Harris praised the agency for taking the lead. He said the union has met with Acting Commissioner Kevin McAleenan about the problem and worked to start finding solutions.

“We don’t have engineers and scientists coming out of the woodwork,” Harris said of CBP. “They are saying we can’t wait any more... The EPA has not been helpful, and neither has the state.

“Can you imagine if you had a city where sewage was running down the streets, and it was the Police Department that said we are going to solve it? Where’s the water department or the sewer department? That’s the situation we are in.”

CBP said in a statement the agency isn’t going out on its own and will still work with other entities to seek a solution.

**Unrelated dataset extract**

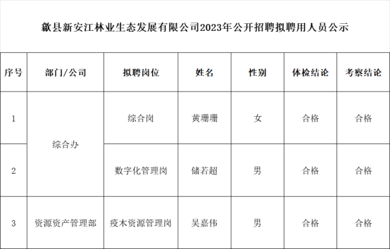 按照《歙县新安江林业生态发展有限公司2023年公开招聘工作人员公告》规定,经过笔试、面试、体检、考察等程序,现将拟聘用人员名单予以公示。公示期限为5个工作日,时间为2024年1月4日至1月10日。

“This effort is only addressing one part of this complicated issue. CBP continues to work closely with its inter-agency partners at the Environmental Protection Agency (EPA), the Department of State (DoS), the Department of Treasury, and the United States International Boundary and Water Commission to develop a whole-of-government approach to resolving this large-scale infrastructure issue, to include robust engagement with the Government of Mexico.”

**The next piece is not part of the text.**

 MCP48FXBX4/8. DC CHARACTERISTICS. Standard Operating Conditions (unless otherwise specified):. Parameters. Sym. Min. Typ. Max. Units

The agency said the cost of its efforts cannot be projected until solutions surface through the Request for Information process.

While health concerns of agents were a factor, the statement also said that CBP was “spurred by the continued risks the trans-boundary wastewater and hazardous flows pose to its mission as a whole, which includes not only the health and life safety risks to its U.S. Border Patrol Agents, but also its mission support personnel and individuals it apprehends in performance of its mission.”

The notice said that agents have to routinely inspect a network of culverts that run under the border fencing and barriers that carry water to look for unauthorized immigrants and smugglers.

While the culverts should only be wet during and after a storm, they are often carrying water during dry periods — a result of the lack of sewage infrastructure in Tijuana and illegal dumping, authorities have said. Several of the canyons that cross the border empty into collectors that capture the dry-weather flows for eventual pumping to a sewage treatment plant on the U.S. side of the border.

“Known and unknown contaminants pose operational and health risks to Border Patrol agents operating in the area,” the notice reads.

The agency asks for a range of solutions, including automated equipment that would allow agents to no longer patrol the area on foot, as well as “engineering fixes to the canyon collector infrastructure to neutralize the risk of the hazardous material contained in the water or eliminate the water that pools in the collectors.”

The agency also wants ideas for a “suite of technology” that would allow agents to remotely monitor culvert grates and spillways, alerting “personnel of imminent risks so they can take precautionary measures to limit exposure.”

Ideas are due in mid-March. As a sign that the agency is seriously considering purchasing solutions there is an “industry day” already scheduled for San Diego in April. At those events government officials and contractors interested in a procurement discuss the goals of a project, possible scheduled and get feedback from industries about a proposal.